WORK INSTRUCTION =
Return all of the data exactly as written, without the pictures.

*** Opening PROVIDED RECORDS ***

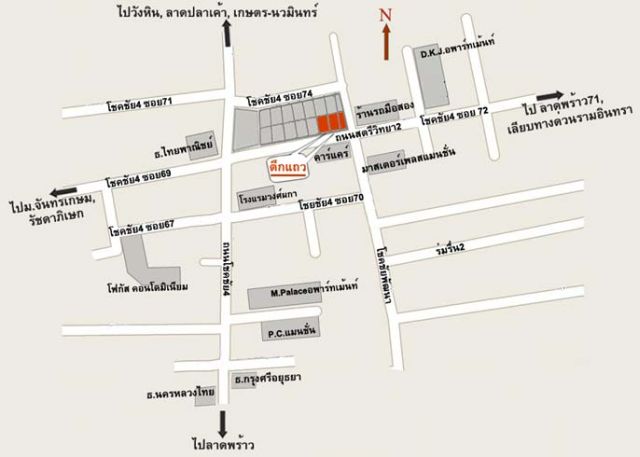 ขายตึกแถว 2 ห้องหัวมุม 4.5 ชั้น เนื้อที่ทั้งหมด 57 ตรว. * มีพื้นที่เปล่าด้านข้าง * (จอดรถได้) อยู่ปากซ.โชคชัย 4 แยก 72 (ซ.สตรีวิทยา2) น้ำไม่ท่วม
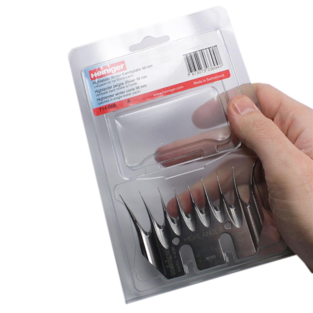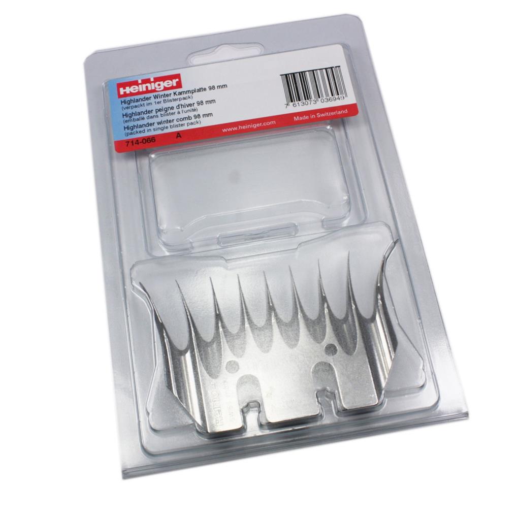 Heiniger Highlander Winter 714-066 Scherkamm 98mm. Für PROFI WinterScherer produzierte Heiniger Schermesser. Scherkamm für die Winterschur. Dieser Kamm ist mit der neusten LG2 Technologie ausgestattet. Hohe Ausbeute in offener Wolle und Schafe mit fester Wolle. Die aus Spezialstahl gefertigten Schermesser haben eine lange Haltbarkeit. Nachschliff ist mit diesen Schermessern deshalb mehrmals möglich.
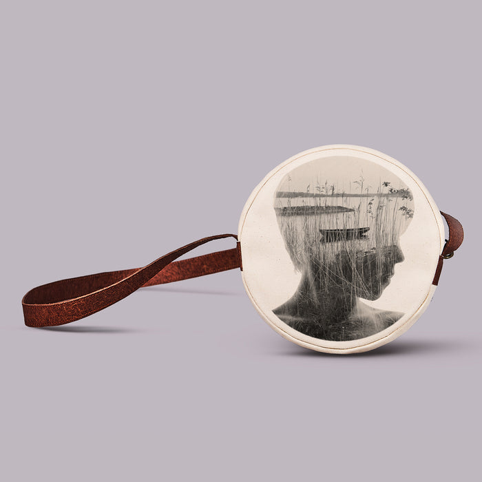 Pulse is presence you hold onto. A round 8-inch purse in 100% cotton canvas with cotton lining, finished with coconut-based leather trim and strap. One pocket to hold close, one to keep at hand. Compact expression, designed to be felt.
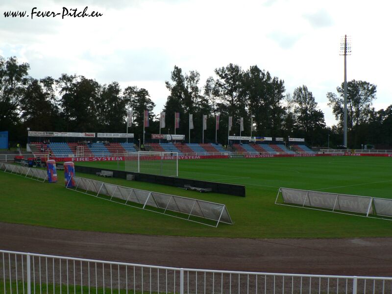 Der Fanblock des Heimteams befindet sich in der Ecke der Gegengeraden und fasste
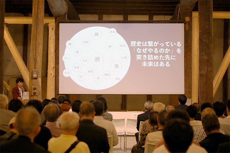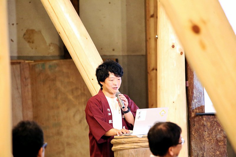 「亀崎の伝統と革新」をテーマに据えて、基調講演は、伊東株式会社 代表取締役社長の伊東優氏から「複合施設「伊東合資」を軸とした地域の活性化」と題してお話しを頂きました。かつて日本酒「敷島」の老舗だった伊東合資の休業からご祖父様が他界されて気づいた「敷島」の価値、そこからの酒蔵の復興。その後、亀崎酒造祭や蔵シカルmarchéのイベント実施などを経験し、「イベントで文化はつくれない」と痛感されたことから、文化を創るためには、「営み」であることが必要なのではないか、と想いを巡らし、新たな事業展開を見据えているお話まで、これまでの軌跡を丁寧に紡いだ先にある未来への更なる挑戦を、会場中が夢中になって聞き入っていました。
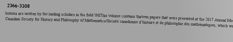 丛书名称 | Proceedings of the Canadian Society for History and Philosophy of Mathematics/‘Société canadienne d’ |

*** Closing PROVIDED RECORDS ***

SOLUTION TO THIS EXERCISE =
 ขายตึกแถว 2 ห้องหัวมุม 4.5 ชั้น เนื้อที่ทั้งหมด 57 ตรว. * มีพื้นที่เปล่าด้านข้าง * (จอดรถได้) อยู่ปากซ.โชคชัย 4 แยก 72 (ซ.สตรีวิทยา2) น้ำไม่ท่วม
 Heiniger Highlander Winter 714-066 Scherkamm 98mm. Für PROFI WinterScherer produzierte Heiniger Schermesser. Scherkamm für die Winterschur. Dieser Kamm ist mit der neusten LG2 Technologie ausgestattet. Hohe Ausbeute in offener Wolle und Schafe mit fester Wolle. Die aus Spezialstahl gefertigten Schermesser haben eine lange Haltbarkeit. Nachschliff ist mit diesen Schermessern deshalb mehrmals möglich.
 Pulse is presence you hold onto. A round 8-inch purse in 100% cotton canvas with cotton lining, finished with coconut-based leather trim and strap. One pocket to hold close, one to keep at hand. Compact expression, designed to be felt.
 Der Fanblock des Heimteams befindet sich in der Ecke der Gegengeraden und fasste
 「亀崎の伝統と革新」をテーマに据えて、基調講演は、伊東株式会社 代表取締役社長の伊東優氏から「複合施設「伊東合資」を軸とした地域の活性化」と題してお話しを頂きました。かつて日本酒「敷島」の老舗だった伊東合資の休業からご祖父様が他界されて気づいた「敷島」の価値、そこからの酒蔵の復興。その後、亀崎酒造祭や蔵シカルmarchéのイベント実施などを経験し、「イベントで文化はつくれない」と痛感されたことから、文化を創るためには、「営み」であることが必要なのではないか、と想いを巡らし、新たな事業展開を見据えているお話まで、これまでの軌跡を丁寧に紡いだ先にある未来への更なる挑戦を、会場中が夢中になって聞き入っていました。
 丛书名称 | Proceedings of the Canadian Society for History and Philosophy of Mathematics/‘Société canadienne d’ |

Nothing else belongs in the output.